The first thing you notice at a Harry Styles gig is the colour. Similar to when thousands of football fans stream down the iconic Wembley Way in their home colours before a match, the exuberant flood of fans who skipped their way along the path to the stadium on Tuesday night were a dazzling sea of bright hues and fancy dress. Stocks of pink cowboy hats and feather boas in the vicinity were critically low.
The former One Direction member’s first gig of four at the venue this week – totalling six nights there across last summer and this – was more of an event than just a concert. Styles played an exquisite and seamless two-hour show, but everything happening around it in the stadium was just as important and gripping. Costumes were made, online friends met for the first time, fans held up signs asking Styles to help them come out as gay, and a heartwarming community came together to celebrate.

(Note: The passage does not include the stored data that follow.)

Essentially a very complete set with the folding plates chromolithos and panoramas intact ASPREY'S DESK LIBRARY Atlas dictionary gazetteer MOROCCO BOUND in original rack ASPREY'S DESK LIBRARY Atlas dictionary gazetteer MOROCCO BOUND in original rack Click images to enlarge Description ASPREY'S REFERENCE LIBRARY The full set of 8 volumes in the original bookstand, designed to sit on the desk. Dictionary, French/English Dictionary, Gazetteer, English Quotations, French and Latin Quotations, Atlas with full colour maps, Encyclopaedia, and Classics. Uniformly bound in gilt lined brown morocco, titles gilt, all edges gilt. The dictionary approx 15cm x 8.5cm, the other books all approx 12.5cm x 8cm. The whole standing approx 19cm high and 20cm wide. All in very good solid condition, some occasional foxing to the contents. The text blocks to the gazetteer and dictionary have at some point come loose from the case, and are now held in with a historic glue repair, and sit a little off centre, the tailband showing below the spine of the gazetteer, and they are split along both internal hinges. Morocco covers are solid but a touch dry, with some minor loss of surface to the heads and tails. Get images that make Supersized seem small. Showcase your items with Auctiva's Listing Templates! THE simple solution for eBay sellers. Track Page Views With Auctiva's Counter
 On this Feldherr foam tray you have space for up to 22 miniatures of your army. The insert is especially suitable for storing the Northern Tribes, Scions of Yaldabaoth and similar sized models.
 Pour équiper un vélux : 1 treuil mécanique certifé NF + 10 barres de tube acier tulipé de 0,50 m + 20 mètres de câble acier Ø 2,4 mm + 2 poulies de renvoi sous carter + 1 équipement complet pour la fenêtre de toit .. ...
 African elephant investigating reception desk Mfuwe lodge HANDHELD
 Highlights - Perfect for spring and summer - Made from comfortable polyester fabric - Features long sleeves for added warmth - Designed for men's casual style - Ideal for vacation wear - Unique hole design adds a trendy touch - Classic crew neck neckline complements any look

In recent weeks, stadium tours from Beyoncé and The Weeknd have rolled through the UK, both full to the brim with maximalist stage productions, choreographed routines and thematic throughlines. Styles’ Love On Tour show, meanwhile, is gimmick-free. The singer was wise to realise that the people in the crowd here were the real show as much as he himself.
“Feel free to be who you’ve always wanted to be in this room tonight,” he told the crowd half way through the set, with the request emphatically heeded. Before the chorus of Satellite kicked in, a hundred or so fans rushed in formation to the spacious back of the standing area in an organised routine. Forming a circle, they all then ran into the middle for the world’s kindest mosh pit. Later, a massive conga line formed, before fans lay on their backs en masse and stared at the night sky during Fine Line. To foster such a safe space for people to be so unashamedly themselves was Styles’ greatest feat.

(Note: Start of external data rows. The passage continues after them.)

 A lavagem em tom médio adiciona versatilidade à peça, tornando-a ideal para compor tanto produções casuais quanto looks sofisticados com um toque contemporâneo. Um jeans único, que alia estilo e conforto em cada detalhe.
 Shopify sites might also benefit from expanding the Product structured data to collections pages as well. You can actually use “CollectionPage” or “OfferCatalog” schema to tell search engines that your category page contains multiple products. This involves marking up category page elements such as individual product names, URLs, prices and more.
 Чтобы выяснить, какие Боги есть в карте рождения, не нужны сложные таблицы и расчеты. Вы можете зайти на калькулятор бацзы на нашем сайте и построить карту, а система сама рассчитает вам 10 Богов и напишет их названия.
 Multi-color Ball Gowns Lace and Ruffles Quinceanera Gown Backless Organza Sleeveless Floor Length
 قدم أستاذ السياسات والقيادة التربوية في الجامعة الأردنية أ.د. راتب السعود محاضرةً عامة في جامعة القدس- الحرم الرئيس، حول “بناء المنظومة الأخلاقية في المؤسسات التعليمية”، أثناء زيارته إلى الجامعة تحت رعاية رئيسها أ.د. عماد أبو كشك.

In a setlist only lightly shuffled around from his shows at the venue last summer, Styles travelled from the classic rock leanings of his 2017 debut to last year’s tropical, groovy Harry’s House. Alongside an ecstatically received rendition of One Direction’s What Makes You Beautiful and the still-potent pop smash Watermelon Sugar, the show’s most affecting moment came on Matilda, with the heart-tugging acoustic number showing Styles’ vocals at their best as they ducked and weaved between harmonies from his excellent bandmates.

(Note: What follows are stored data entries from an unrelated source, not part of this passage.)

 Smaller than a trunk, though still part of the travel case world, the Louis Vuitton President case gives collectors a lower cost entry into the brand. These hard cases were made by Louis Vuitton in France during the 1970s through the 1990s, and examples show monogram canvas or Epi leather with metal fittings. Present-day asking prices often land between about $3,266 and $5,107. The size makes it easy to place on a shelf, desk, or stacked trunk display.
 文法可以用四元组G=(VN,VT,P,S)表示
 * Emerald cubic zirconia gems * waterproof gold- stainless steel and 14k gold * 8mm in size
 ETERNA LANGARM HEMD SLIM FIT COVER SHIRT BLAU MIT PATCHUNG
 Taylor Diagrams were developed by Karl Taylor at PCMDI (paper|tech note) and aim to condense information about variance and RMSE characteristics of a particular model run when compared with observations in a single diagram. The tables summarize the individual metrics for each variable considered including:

Rolling out largely the same show in the same venue for the second summer in a row also felt unimportant when such a hungry and unrelenting appetite for a spectacle this uncomplicated, joyful and life-affirming still exists. Running through As It Was, a song as glued to the top of the charts as last time he played Wembley, Styles barely sang a word. Instead, he let the crowd yell it for him, ending a show that felt like it was theirs all along.